Collected data
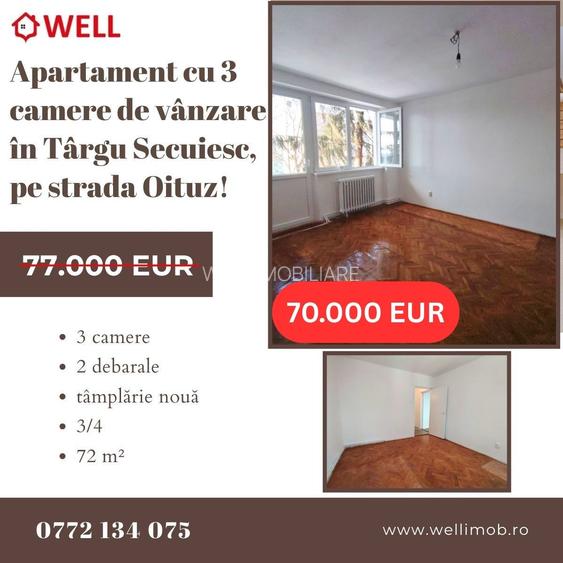 Apartament cu 3 camere de vânzare în Târgu Secuiesc, pe strada Oituz!
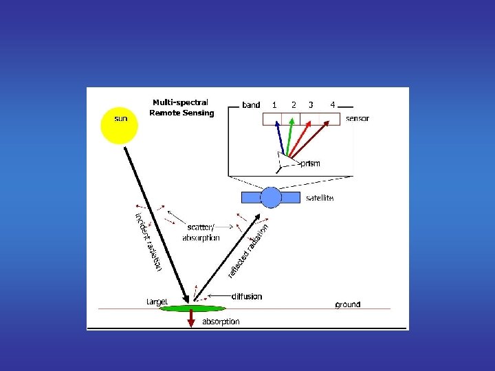 Visible Blue Band (. 45 -. 52 microns) ► Greatest water penetration ► Greatest atmospheric scattering ► Greatest absorption ► Used for : water depth water characteristics detection of subsurface features soil and vegetation discrimination forest, geology, cultural features
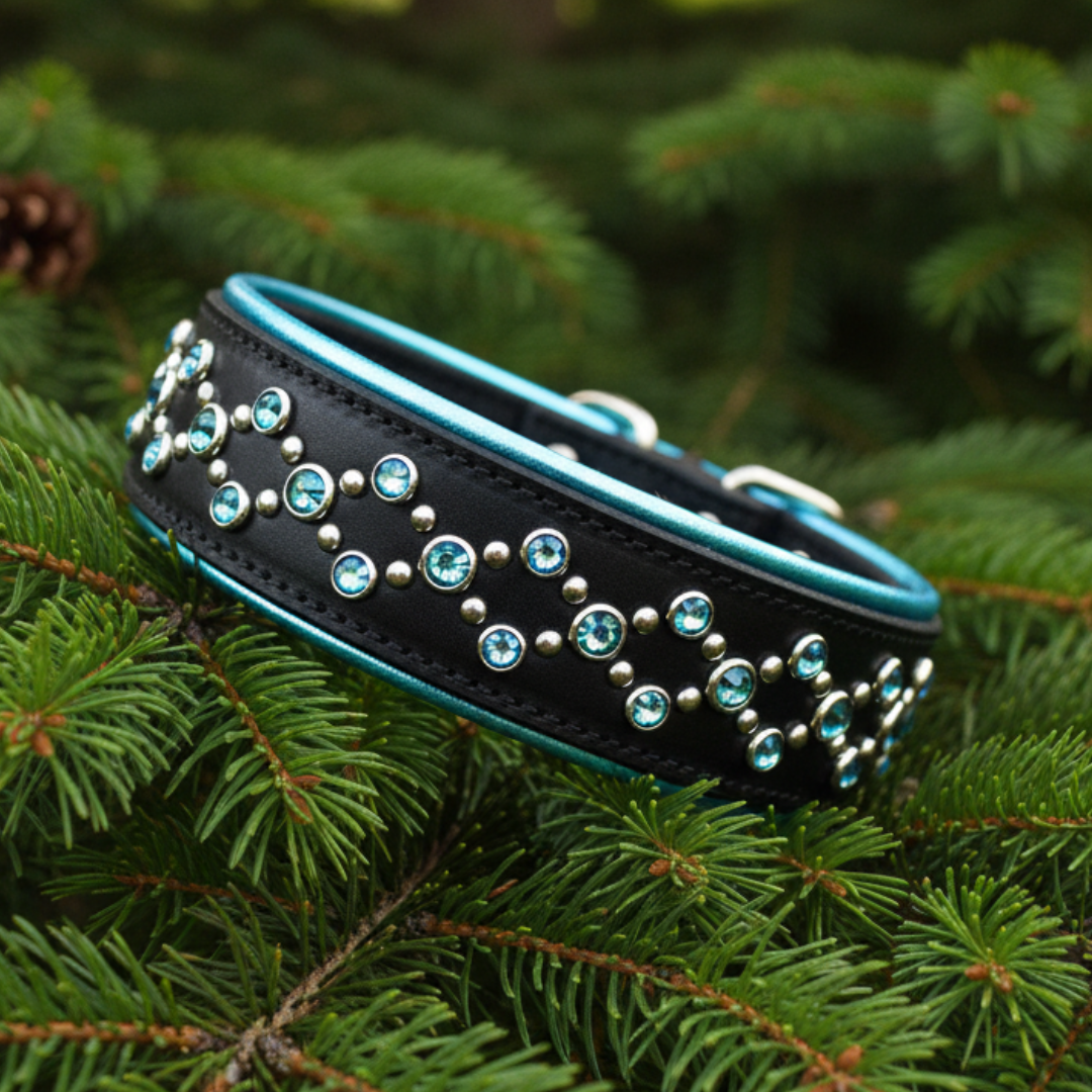 Starlight, 1.5" Wide Custom Leather Dog Collar
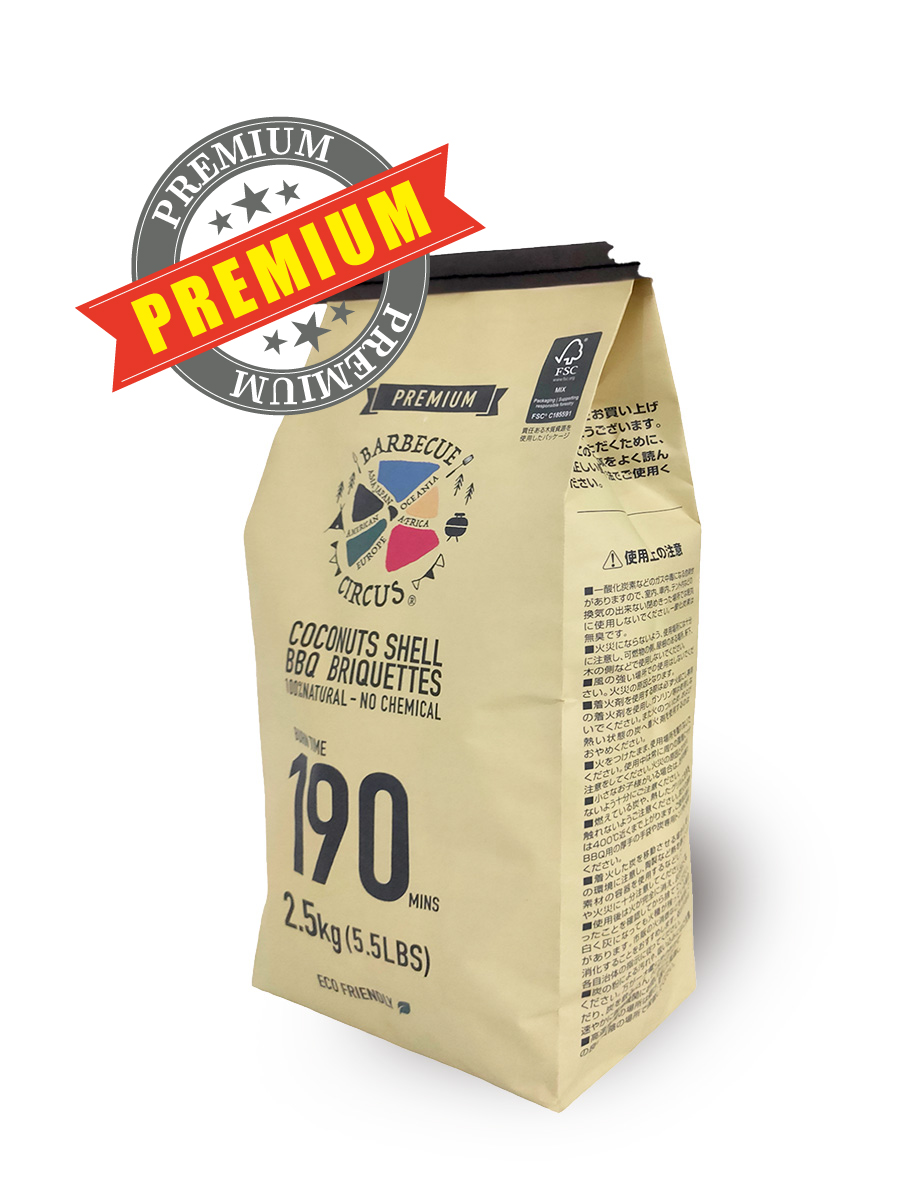 Barbecue Circus ヤシガラチャコールブリケットプレミアム 2.5kg エコフレンドリー BBQ 炭 高火力 長時間燃焼 グリルアクセサリー 環境に優しい高効率炭
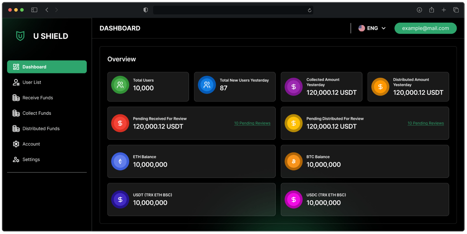 - Automatically generates and allocates centralized addresses on multiple blockchains (such as BSC, ETH, SOL, TRON, and Bitcoin) for convenient user fund reception.
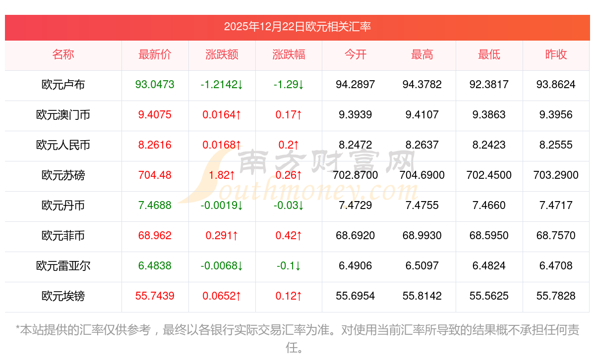 南方財(cái)富網(wǎng)為您提供歐元對(duì)人民幣匯率最新價(jià)格詳情。
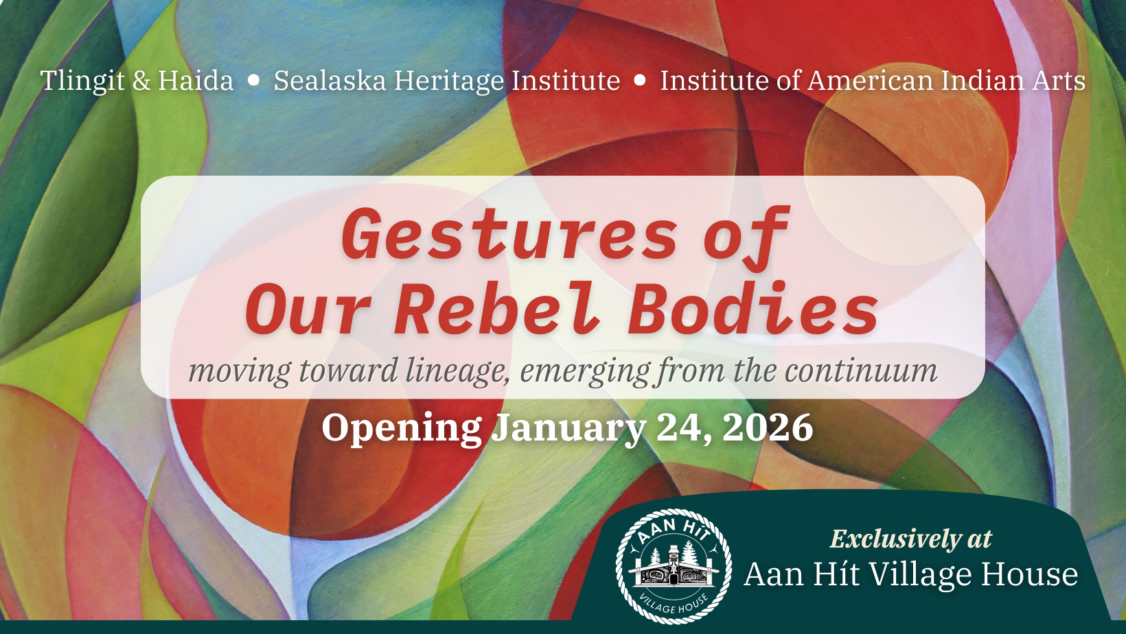 Gestures of Our Rebel Bodies is a group exhibition opening Saturday, January 24, 2026 at Aan Hít Gallery in Juneau, Alaska. Featuring leading and emerging Indigenous artists from across the Northwest Coast, the exhibition explores how embodied practice, movement, material knowledge, and creative speculation function as engines of cultural continuity and future-making. Presented by Tlingit & Haida in collaboration with Sealaska Heritage Institute and the Institute of American Indian Arts, Gestures of Our Rebel Bodies brings together contemporary Tlingit, Haida, and Tsimshian artists whose work pushes beyond expectations of tradition while remaining deeply rooted in ancestral responsibility.
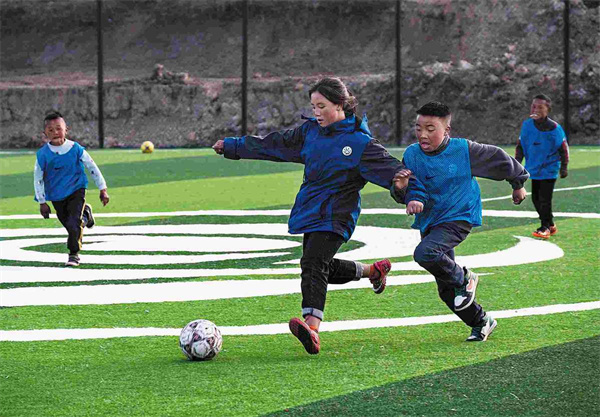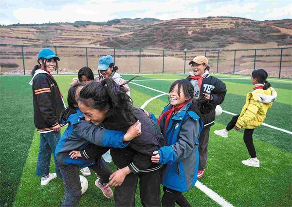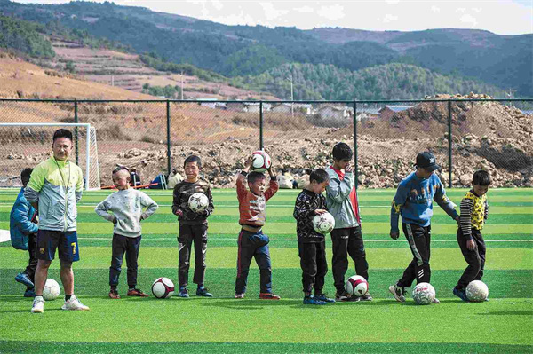 Amid the flowery Daliangshan Mountains of Zhaojue county in Liangshan Yi autonomous prefecture, Sichuan province, a group of children are playing on the new soccer field at Wawu Primary School.
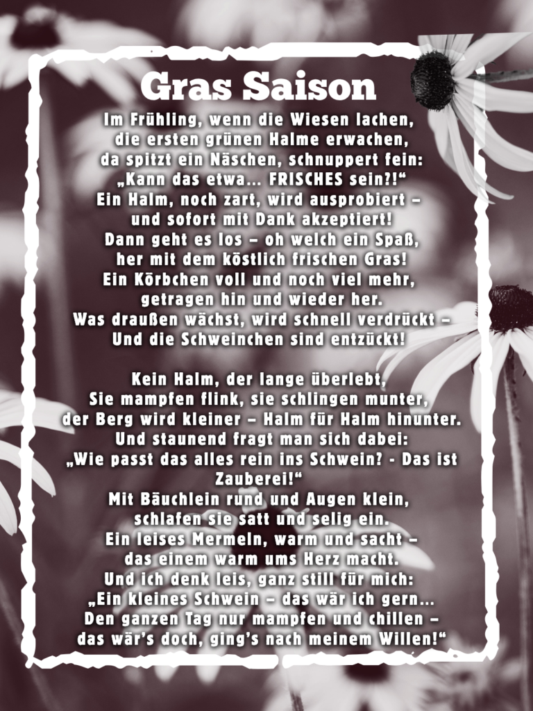 Für Meerschweinchen-Fans gibt es kaum einen schöneren Frühlingsmoment als den Beginn der Gras-Saison. Sobald die ersten frischen Halme sprießen, beginnt dieses ganz besondere Leuchten: kleine Näschen schnuppern neugierig, die Äuglein werden wach, und plötzlich scheint die Welt nur noch aus Genuss, Wiese und Glück zu bestehen. Genau dieses Gefühl fängt das Gedicht ein – die Vorfreude, das Schlemmen und diese stille, satte Zufriedenheit danach.
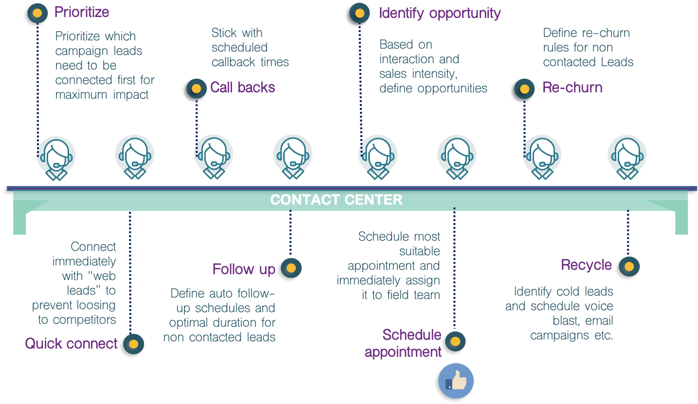 Holistic CRM for Insurance industry, Holistic CRM for Banking industry, Centralised call centre operation management, Online and Direct dales management, Persistency customer engagement , Welcome Management and operations , Customer verification
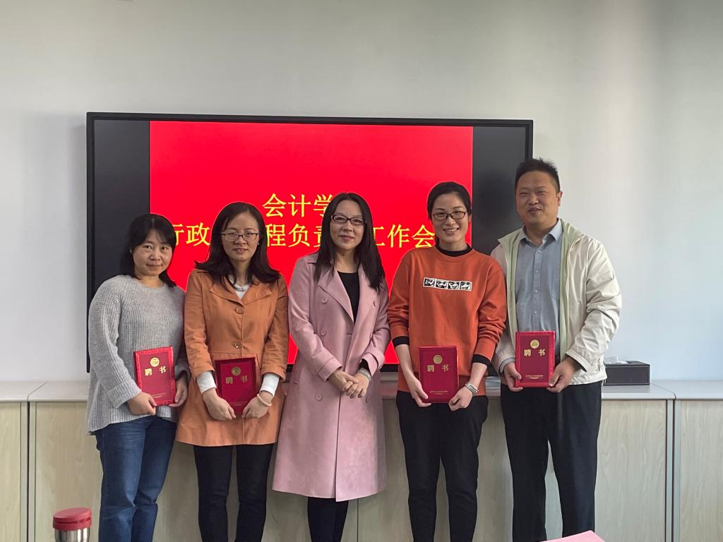2020年12月3日下午,学院行政及课程负责人工作会议在学院会议室召开。文芳院长、马鹏副院长、舒利敏副院长、赵剑锋副院长、各系(教研室)主任及课程负责人出席了会议,马鹏副院长主持会议。学院选拔的第一批课程负责人罗书章教授、许剑娜老师、王铁林教授首先分别就《会计学原理》、《财务会计》和《高级财务会计》等课程建设进展情况进行汇报交流。文芳院长感谢各位课程负责人为课程建设付出的努力,并亲自为第二批课程负责人颁发了聘书和课程立项证书,向第二批课程负责人表示祝贺,希望大家一起努力,共同把课程建设好,为学院人才培养质量提升做出贡献。随后,受聘的第二批课程负责人赵剑锋博士、钟纯博士、黄华梅老师、杨中环老师分别汇报了《管理会计》、《财务报表分析》、《财务管理》、《成本会计》等课程的建设思路和工作计划,得到了与会老师的认可和肯定。会议还就学院“十四五”规划编制、2021级本科人才培养方案修订、一流专业和课程建设、本科教学质量年报编制等事项进行了研讨。

§ Problem to work on: Above are the records; copy from them only the lines starting at the one containing "Amid the flowery" and ending at the one containing "Für Meerschweinchen-Fans gibt", exactly and without pictures.

§ Response:
 Amid the flowery Daliangshan Mountains of Zhaojue county in Liangshan Yi autonomous prefecture, Sichuan province, a group of children are playing on the new soccer field at Wawu Primary School.
 Für Meerschweinchen-Fans gibt es kaum einen schöneren Frühlingsmoment als den Beginn der Gras-Saison. Sobald die ersten frischen Halme sprießen, beginnt dieses ganz besondere Leuchten: kleine Näschen schnuppern neugierig, die Äuglein werden wach, und plötzlich scheint die Welt nur noch aus Genuss, Wiese und Glück zu bestehen. Genau dieses Gefühl fängt das Gedicht ein – die Vorfreude, das Schlemmen und diese stille, satte Zufriedenheit danach.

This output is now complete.